The main results are presented in HTML format which contain a table listing all clusters whose size was above threshold. Detailed results can be downloaded as a compressed archive. It contains the following directories:

sequences:

contain fasta file and blast database files of the sequences used for clustering. The directory will contain only a subset of sequences in case that the number of sequences was cut down

assembly:

contigs as assembled by Cap3 program. Each clusters is assembled independently. all contigs are stored as fasta and ACE files.

blastx:

results of similarity search of individual reads against the database of transposable elements protein domains

clustering:

most of the results are stored here.

file hitsort_PID90_LCOV55.cls contain lists of sequence reads classified into clusters in the format:

>CL1 number_of_reads_in_CL1
read_id_11    read_id_12    read_id_13 ...
>CL2 number_of_reads_in_CL2
read_id_21    read_id_22    read_id_23 ...
...

file hitsort_PID90_LCOV55 contains all pairs of reads for which the similarity was detected above 80% and over length of 55 % of longer sequences. The data are in the folowing format:

read_id_a    read_id_b     bitscore_a_b
read_id_c    read_id_d     bitscore_c_d
read_id_e    read_id_f     bitscore_e_f
...

clusterConnections.cls contains information about the connection(mutually similar reads) between clusters:

CLXX    CLXY    number_connections
CLXZ    CLYY    number_connections
...

interconnnected.txt contain list of reads which has the connections to other clusters than they belong to.

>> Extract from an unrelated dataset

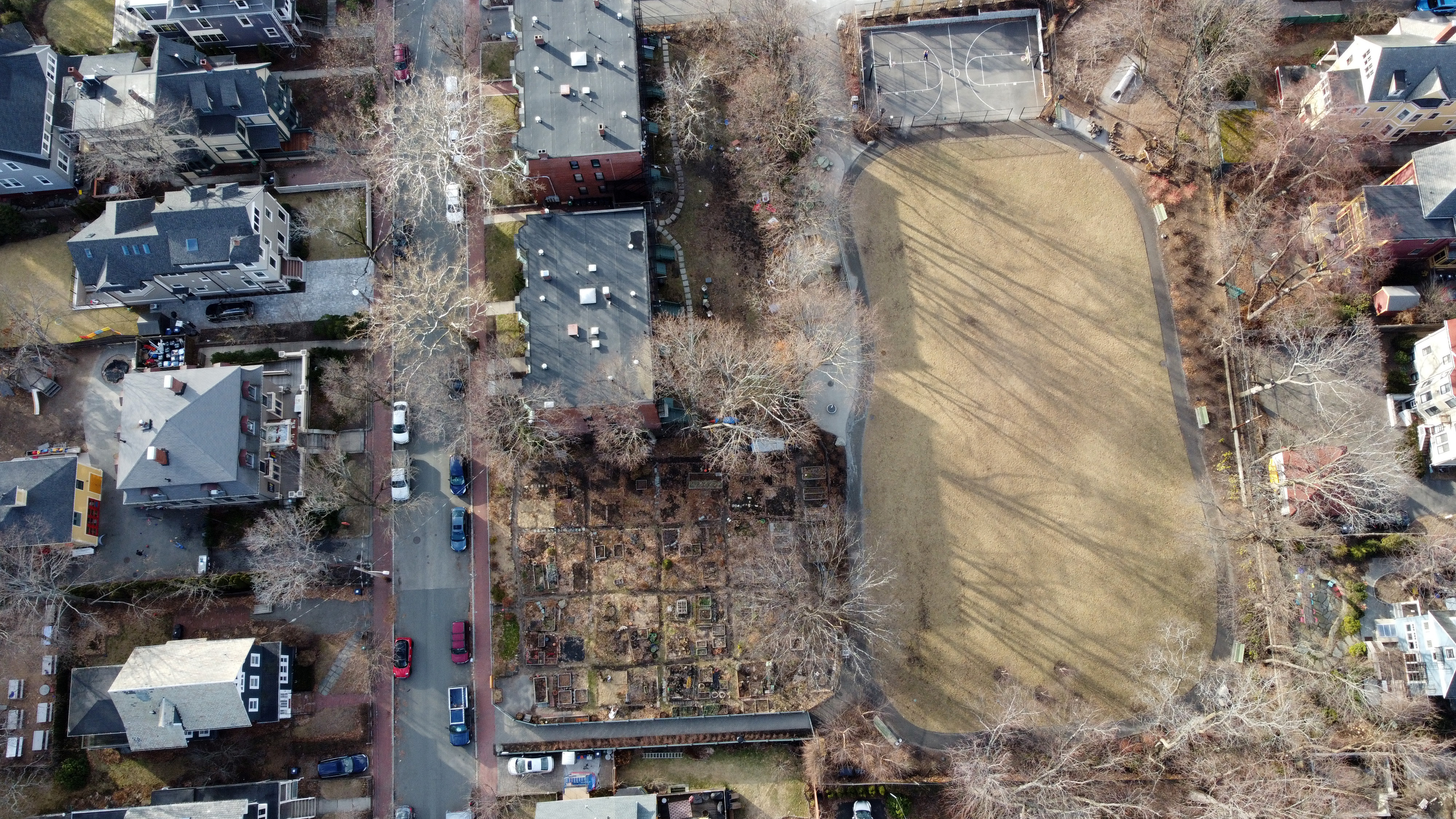 i decided to take a detour and fly over my house to get a few photos before finally flying back to the community garden. while i was there a woman actually came into the garden. i'd never seen her before, she seemed to be doing a survey of the garden, inspecting each plot carefully (maybe she lost something). after she did a tour of the gardens she left. once she was gone i bought the drone down. once again, if i can avoid it, i rather not land the drone on my hand. instead i put it down on the dirt path. i was afraid the prop blades would hit the ground, but when it lands it comes in very gently. i packed up my drone and returned home.
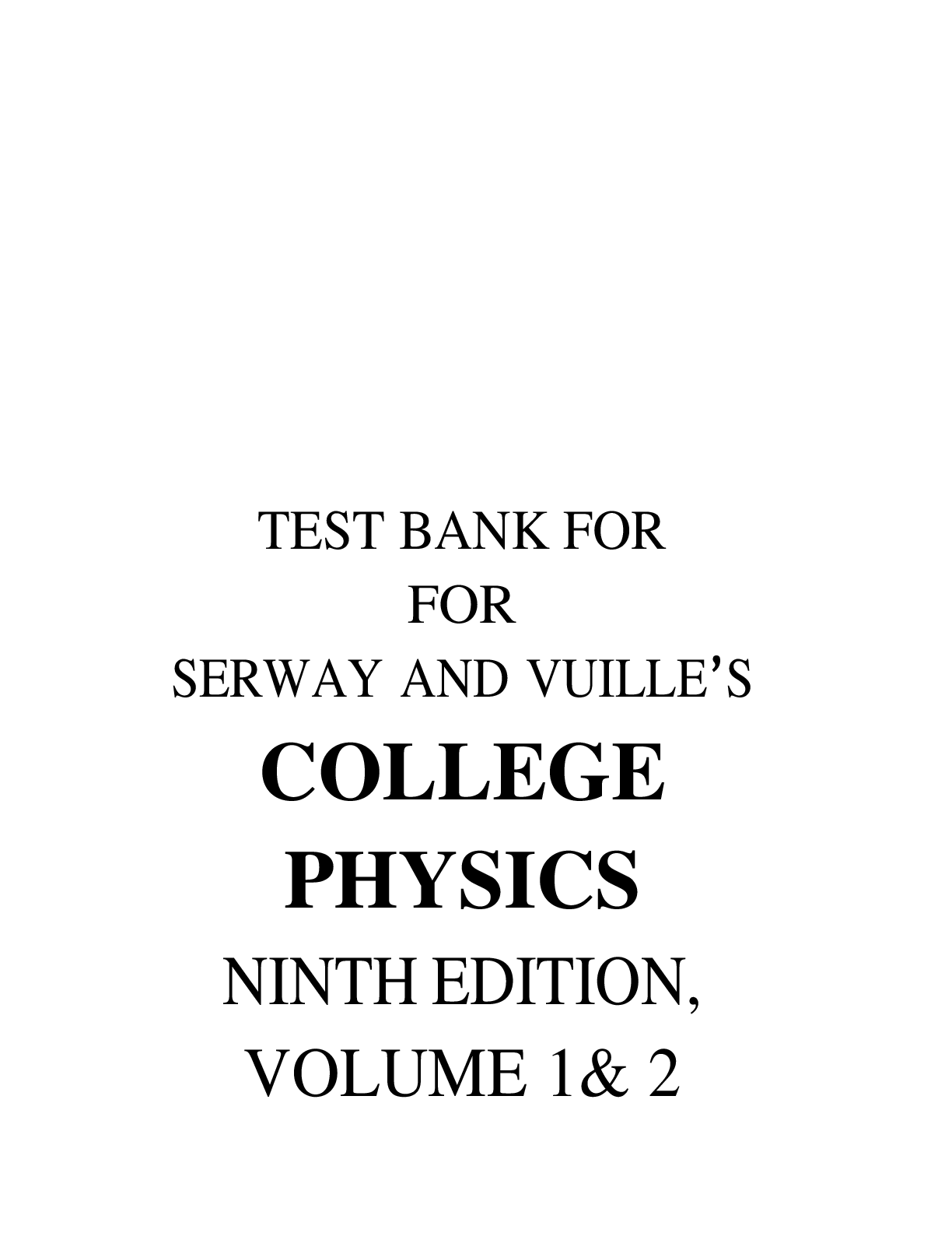 Physics > TEST BANKS > TEST BANK FOR FOR SERWAY AND VUILLE’S COLLEGE PHYSICS NINTH EDITION, VOLUME 1& 2 (All)

>CL1 number_of_reads_with similarities_to_other_clusters
read_id_21    read_id_34    read_id_56 ...
>CL2 number_of_reads_with similarities_to_other_clusters
read_id_31    read_id_62    read_id_53 ...
...
subdirectories clusters/dir_CLXXXX:
 

Contains detailed information about individual clusters, each cluster with the size above threshold is listed:

  • list of all reads in the cluster
  • sequences in fasta format
  • contigs assembled from corresponding reads
  • contigs coverage in pdf format
  • contigs in ACE format
  • summary of RepeatMasker search
  • summary of protein domain search
  • GL file with the cluster graph layout which can be analyzed usin SeqGrapheR
  • information about related (connected) clusters)

for details see BMC Bioinformatics 2010, 11:378.